*DATA EXTRACT*
──────────
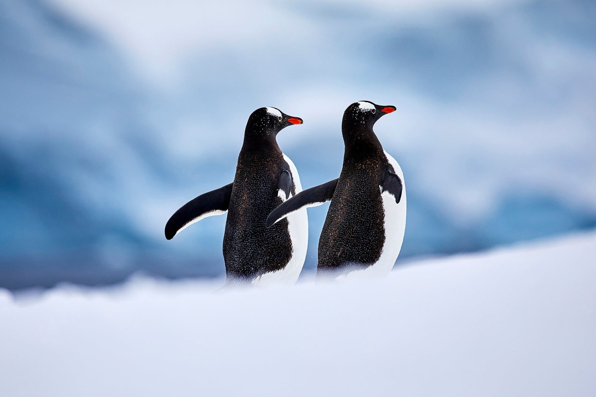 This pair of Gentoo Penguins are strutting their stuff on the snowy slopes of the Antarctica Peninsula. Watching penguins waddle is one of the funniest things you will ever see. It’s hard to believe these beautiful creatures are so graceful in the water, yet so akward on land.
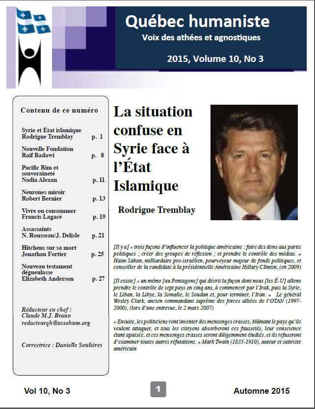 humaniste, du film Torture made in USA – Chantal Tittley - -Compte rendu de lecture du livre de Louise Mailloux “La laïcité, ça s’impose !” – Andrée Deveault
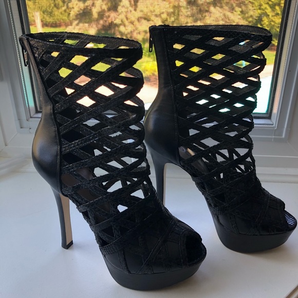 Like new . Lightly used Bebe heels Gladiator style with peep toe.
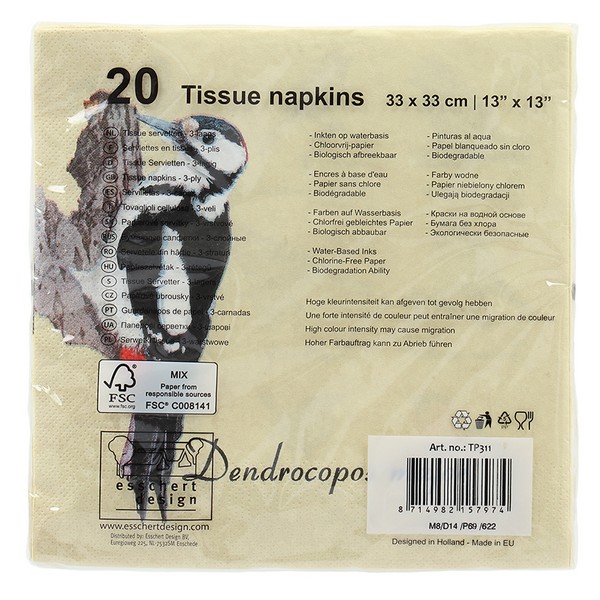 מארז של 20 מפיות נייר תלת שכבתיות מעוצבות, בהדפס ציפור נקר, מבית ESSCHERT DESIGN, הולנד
──────────
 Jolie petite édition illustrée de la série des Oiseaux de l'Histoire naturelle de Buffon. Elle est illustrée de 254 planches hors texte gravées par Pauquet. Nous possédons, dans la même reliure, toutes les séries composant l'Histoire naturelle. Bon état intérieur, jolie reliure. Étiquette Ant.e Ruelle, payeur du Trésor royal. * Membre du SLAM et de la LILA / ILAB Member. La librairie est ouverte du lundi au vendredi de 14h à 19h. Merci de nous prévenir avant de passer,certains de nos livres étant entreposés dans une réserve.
──────────
*TASK DESCRIPTION*
Transcribe, word for word, the stretch of lines in the data above from the one with "humaniste, du film" through the one with "מארז של 20 מפיות"; omit all pictures.

*RESPONSE*
 humaniste, du film Torture made in USA – Chantal Tittley - -Compte rendu de lecture du livre de Louise Mailloux “La laïcité, ça s’impose !” – Andrée Deveault
 Like new . Lightly used Bebe heels Gladiator style with peep toe.
 מארז של 20 מפיות נייר תלת שכבתיות מעוצבות, בהדפס ציפור נקר, מבית ESSCHERT DESIGN, הולנד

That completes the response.